Se notaba que tenía los problemas típicos de la edad, no saber qué hacer con la vida, el miedo a la soledad y la energía.
– Gracias por permitirme sentarme. Me tomo una pastilla para el corazón que me baja mucho la tensión.
Me dijo que me entendía muy bien porque ella al poco de llegar aquí se mareó en la playa y lo pasó fatal. Arrancó una camiseta del tendedero y se la puso encima.
– Estoy embarazada de cinco meses.
De cinco meses, pensé para mí, esto lo complicaba todo. ¿Cómo iba a meter a una embarazada en este berenjenal? Me levanté dispuesto a marcharme como si ya hubiera descansado lo suficiente.
– ¿Adonde va? -dijo alegremente-. Si la casa le gusta voy a enseñársela.
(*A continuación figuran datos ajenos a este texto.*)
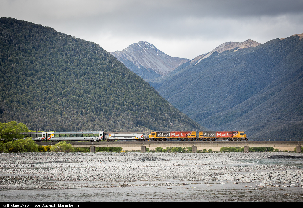 Trains on 3' 6" (1.067m) track from Whangarei to Bluff with virtually heritage rebuilt EMD and GE locomotives still the mainstay power. The network was privatized in 1990's and operated by Toll until 2008 when state owned KiwiRail was established.

La seguí adentro, al piso superior. Sí, tenía la barriga abultada, redondeada. El ya lejano embarazo de Raquel me conectaba de alguna manera con el de esta chica, algo sabía yo de esas cosas, no me sonaban a chino. No tuvo inconveniente en que le echase un vistazo a su cuarto con la cama revuelta. Parecía verlo todo normal, natural. Hablaba, decía que se encontraba en esta casa como en un monasterio y que había venido a aislarse y reflexionar sobre su vida. Yo no preguntaba, era mejor que ella contase lo que quisiera.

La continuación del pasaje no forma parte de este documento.